Why Your Ankles Give Out on the Court — And How to Fix It
A sports physiotherapist breaks down the three muscle imbalances most racket sport players never address — and the simple drills that change everything.

Money spent annually. Last updated: June 2026
You feel fast in the first game, then one awkward landing changes everything. For many racket sport players, ankle instability is not a one-time accident — it is a pattern built from hidden weak links. The good news is that those links can be trained.

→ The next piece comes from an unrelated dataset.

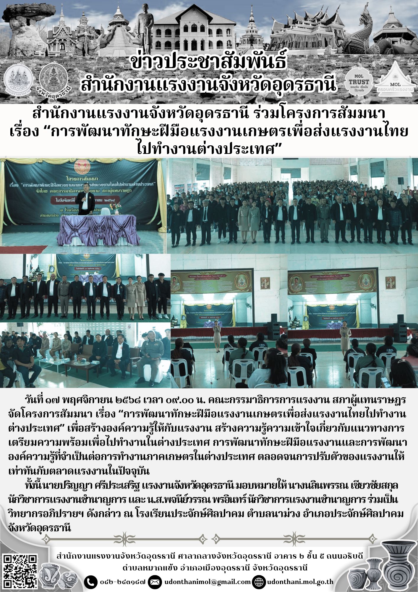 สำนักงานแรงงานจังหวัดอุดรธานี ร่วมโครงการสัมมนา เรื่อง “การพัฒนาทักษะฝีมือแรงงานเกษตรเพื่อส่งแรงงานไทย ไปทำงานต่างประเทศ”

Most lateral ankle sprains we see in our clinic are entirely preventable with 10 minutes of targeted strengthening, three times a week.
The three culprits
The first culprit is underactive peroneal muscles, which help keep your ankle stable during quick lateral movement. The second is tight calves that limit proper ankle mobility and force compensation during push-off and landing. The third is weak hip abductors, which reduce side-to-side control and increase stress down the kinetic chain. Together, these three imbalances make your ankle absorb load it was never meant to handle alone.
Physio Tip
Stand on one leg with eyes closed for 30 seconds. If you are wobbling significantly within 10 seconds, your proprioception needs work before you run high-intensity drills. Start there.
What to do about it
Start with single-leg calf raises on a step edge to rebuild strength through full range. Add lateral band walks to wake up your hip abductors and improve control in change-of-direction movement. Finish with ankle alphabet rotations to improve mobility and neuromuscular awareness. Focus on progressive load, not random high volume. Stay consistent for four weeks, and your stability on court will feel noticeably different.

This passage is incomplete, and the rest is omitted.